The PanEuropa Union also actively supported the accession of Romania, Bulgaria, on 1 January 2007 to the European Union as well as for the speedy accession of Croatia and Macedonia.
PanEuropa Bulgaria
Ivan Shishmanov read the article of Rihard Nicolaus-Coudenhove-Kalergi “PanEuropa – A Proposal” and was captivated by this idea. When Mr. Shishmanov returned to Bulgaria, he participated actively in the struggle for peace and in October 1926 became one of the first Europeans that laid the foundations of a United Europe. Together with Paul Destre, Vaclav Shuster, Paul Loeb, Edwars Erio, Georg Lukacs, and last but not least Coudenhove-Kalergi, Shishmanov took part in the Presidium of the Congress. He was the head of Department of Culture and Minority and had to present reports to the plenary session. He also prepared basic documents of the new Vienna Congress and proposed to establish a Paneuropean University in Geneva in which he can teach eminent scientists from all over Europe.

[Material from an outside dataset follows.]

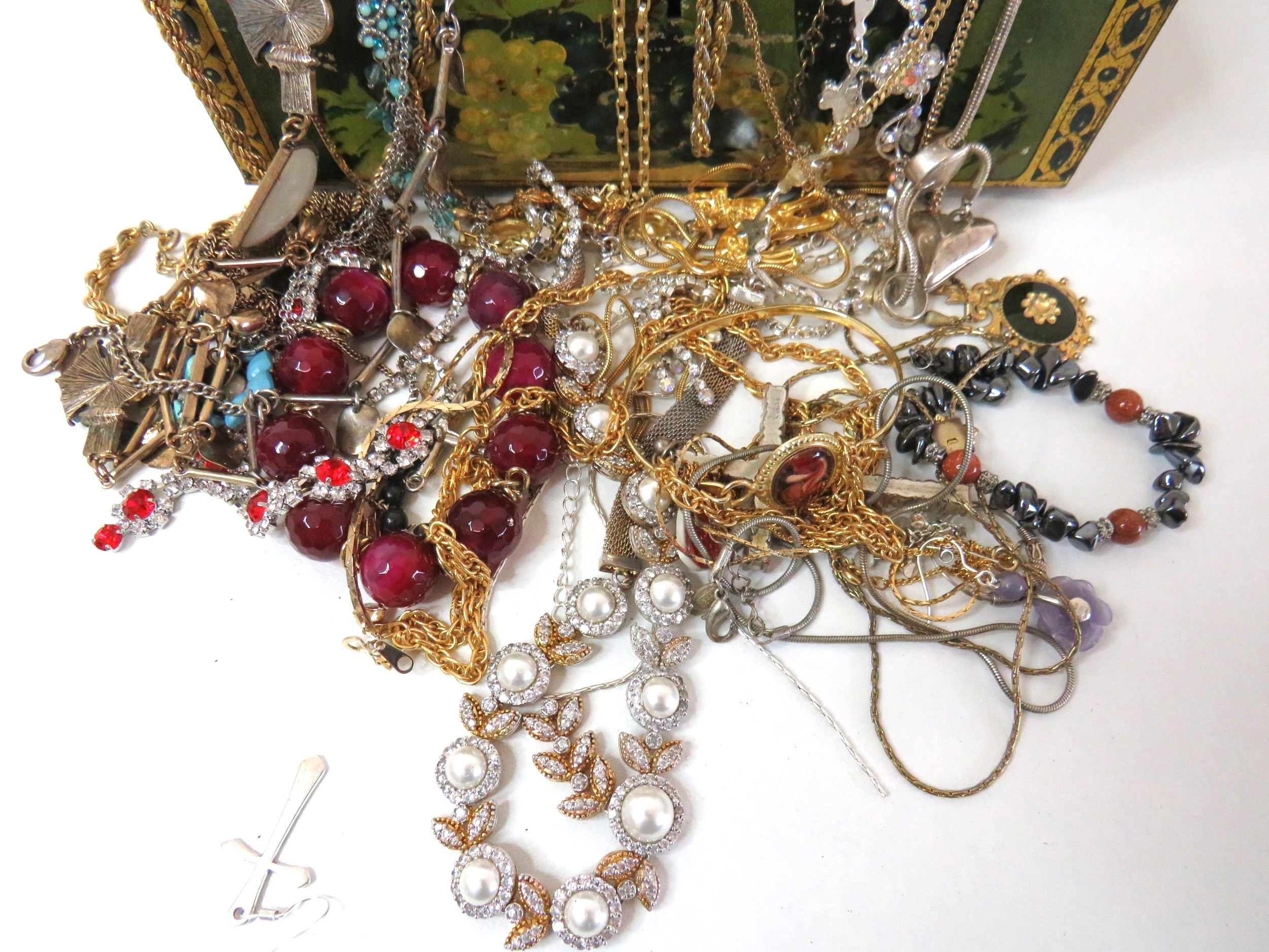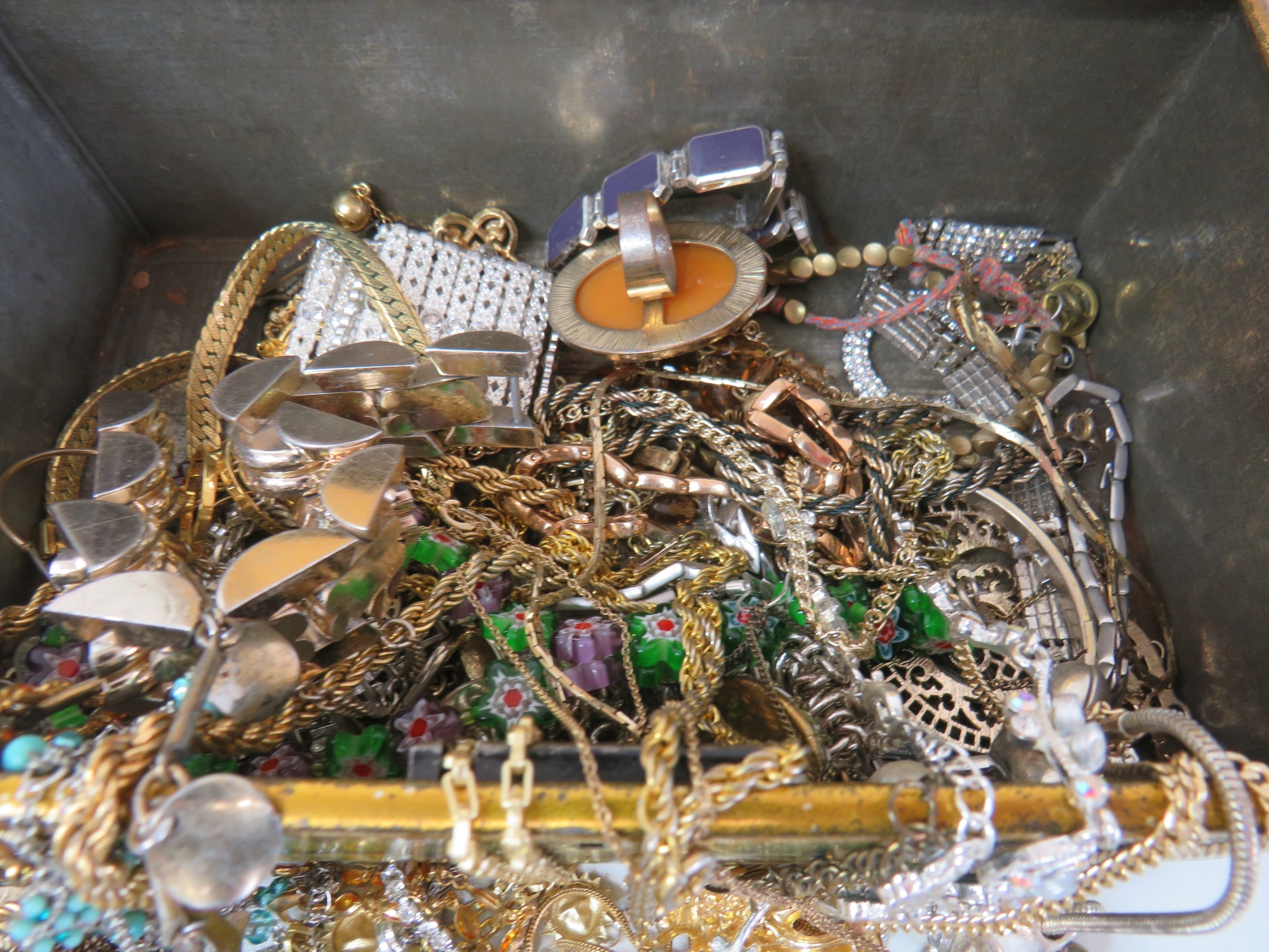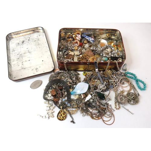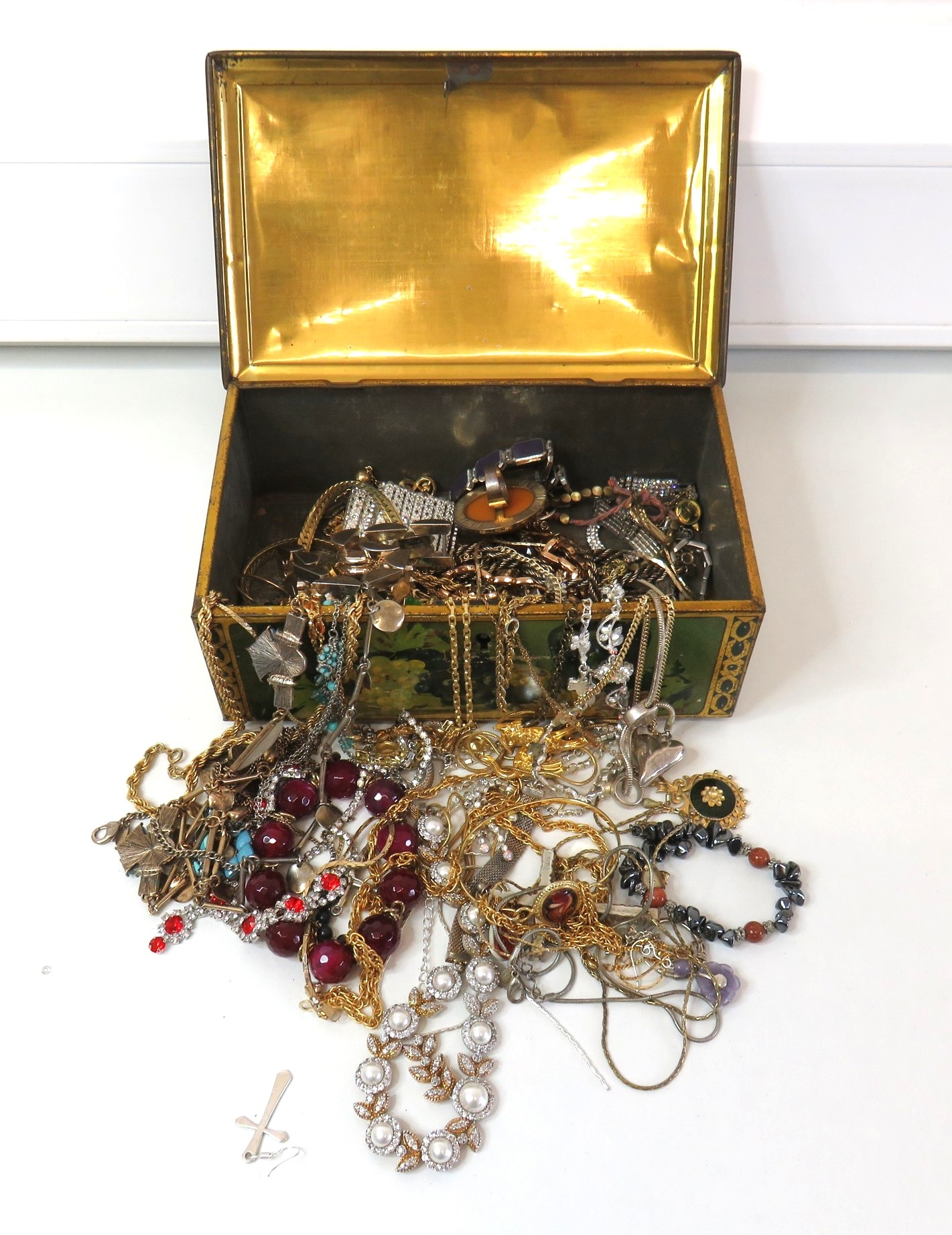 Vintage tin full of jewellery.

After a speech, first in Bulgarian, then in French and German, Ivan Shihmanov wrote in his diary: “For the first time during an international congress Bulgarian language was heard.“ Today Bulgarian language is formally equal to the other main languages in the European Union.
On March 13, 1927 in Sofia was held the Constituent Assembly of Bulgarian section of the Paneuropean Union, whose chairman becomes Ivan Shishmanov. Among the participants are the names of the most prominent Bulgarian intellectuals, politicians and public figures. The adopted constitution stands as main goal of the association to disseminate within Bulgarian people the ideas of Paneuropean Union for cohesion and cooperation between all European nations of political, economic and cultural soil.

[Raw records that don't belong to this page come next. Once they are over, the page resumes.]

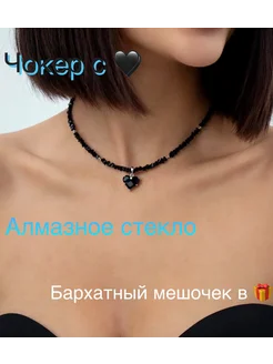 Чокер черный с подвеской сердце из алмазного стекла
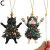 2D Christmas Tree Hanging Pendant Car Rearview Mirror Ornaments Acrylic Cat For Tree Decorations Party Supplies New Year Gifts
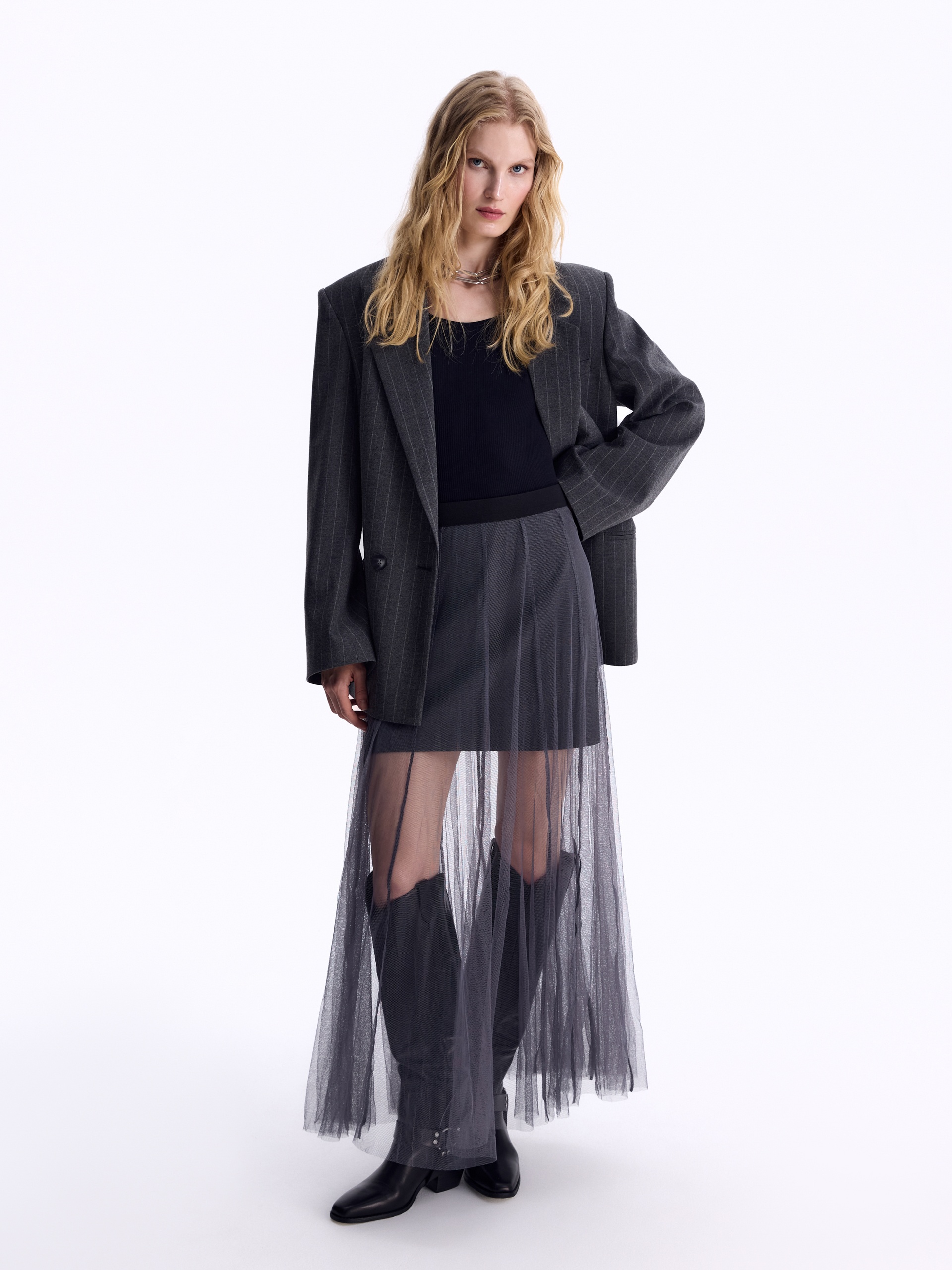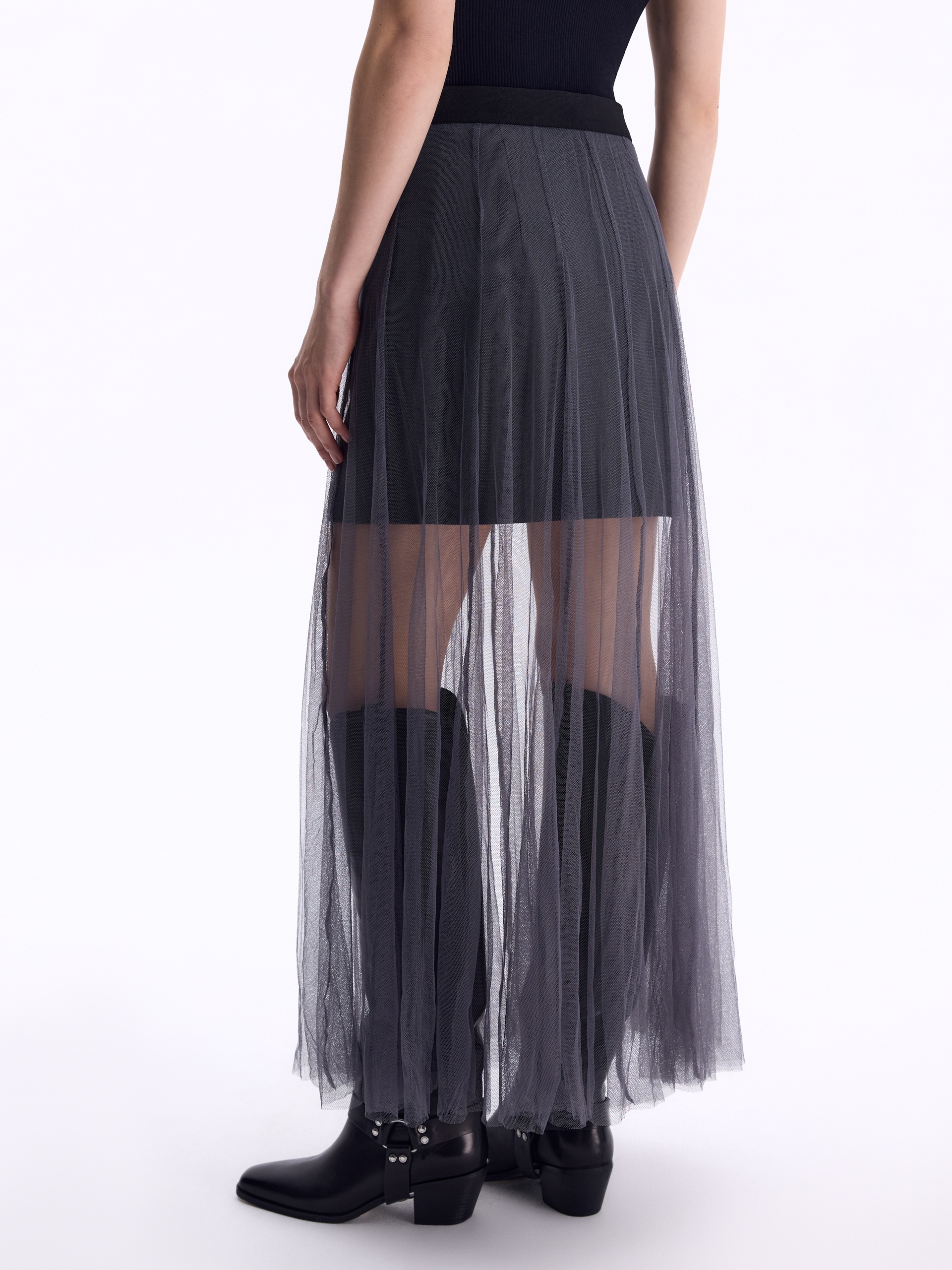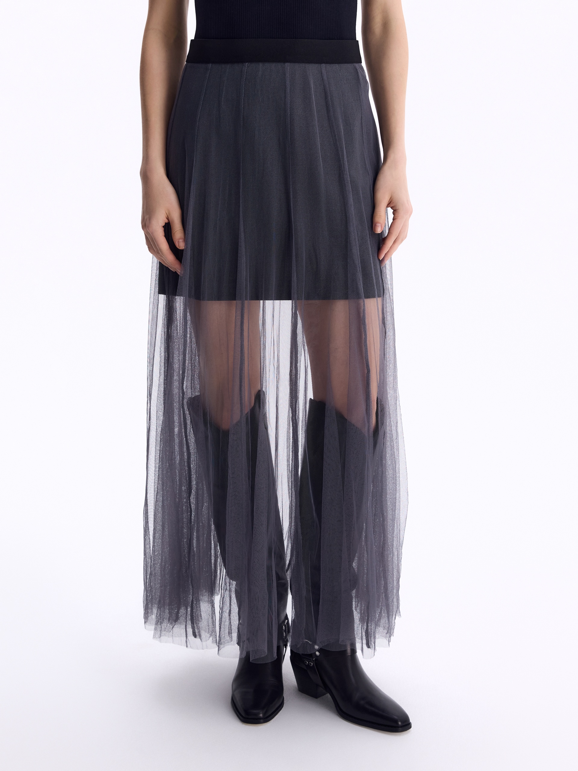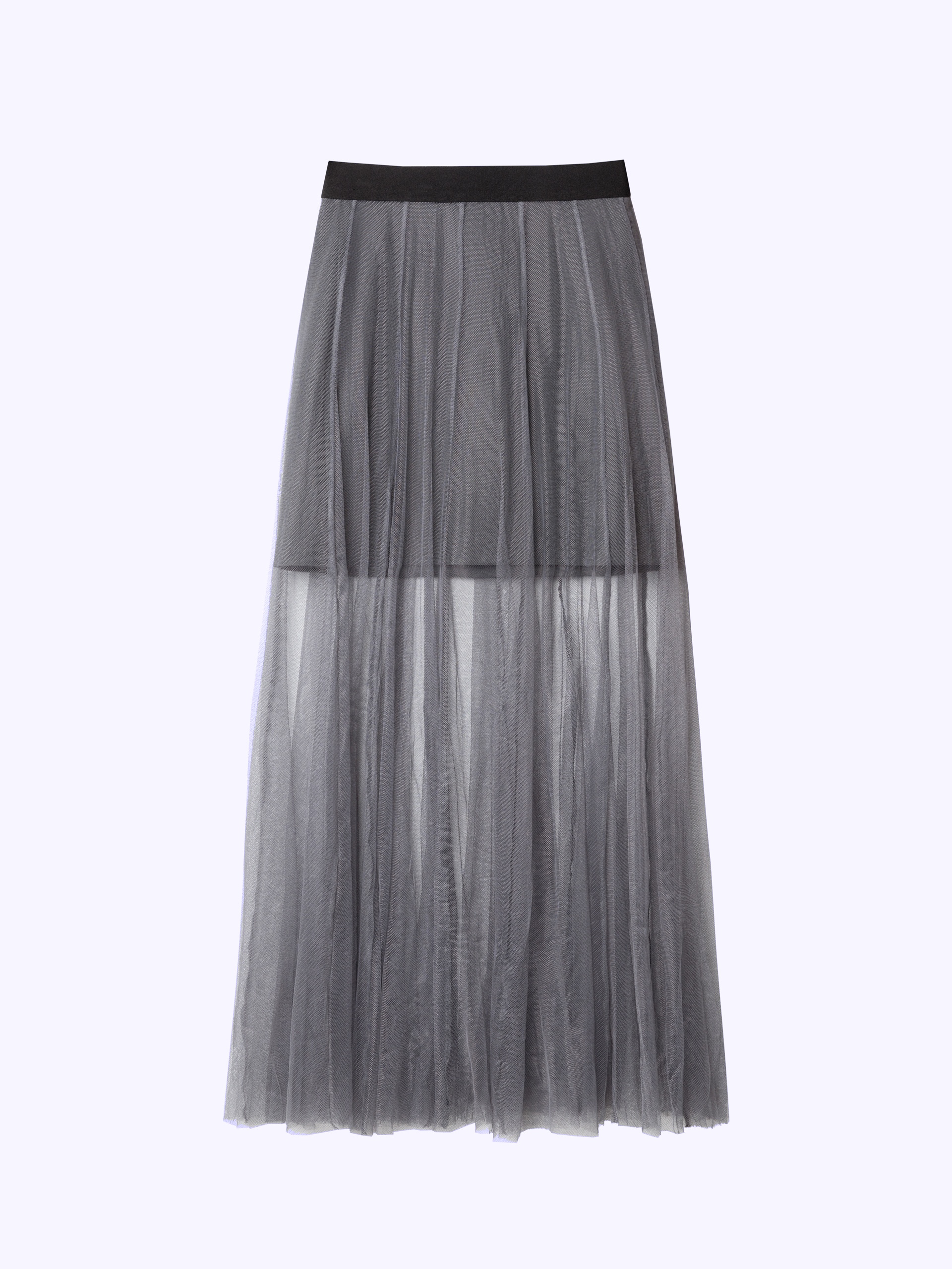 Расклешенная юбка из серой сетки на резинке с нижней мини юбкой из серой меланжевой костюмной ткани. Юбки можно носить друг с другом или по отдельности, а также сочетать с другими моделями одежды.

Today, members of the Pan-Europa Union are people from all age groups and social strata who are committed to a politically, economically and militarily united Europe as a community of law, peace of freedom and Christian values. The Pan-Europa Union suppoers the political integration of Europe in the areas of internal and external security, technology and research as well as a comprehensive European constitutional treaty for the European Union. It is committed to a independent European defence policy, in partnership with NATO. In light of continuous globalization, the Pan-Europa Union supports both collaborative and independent action of the European Union within the field of international politics.
Under the many years of leadership by the German vice president of the Parliament, Dr. Ingo Friedrich, the Pan-Europa Parliamentary Group in the European Parliament, consists of over 120 members from nearly all of the EU Member States and meets regularly during the sessions of the Parliament in Strasbourg.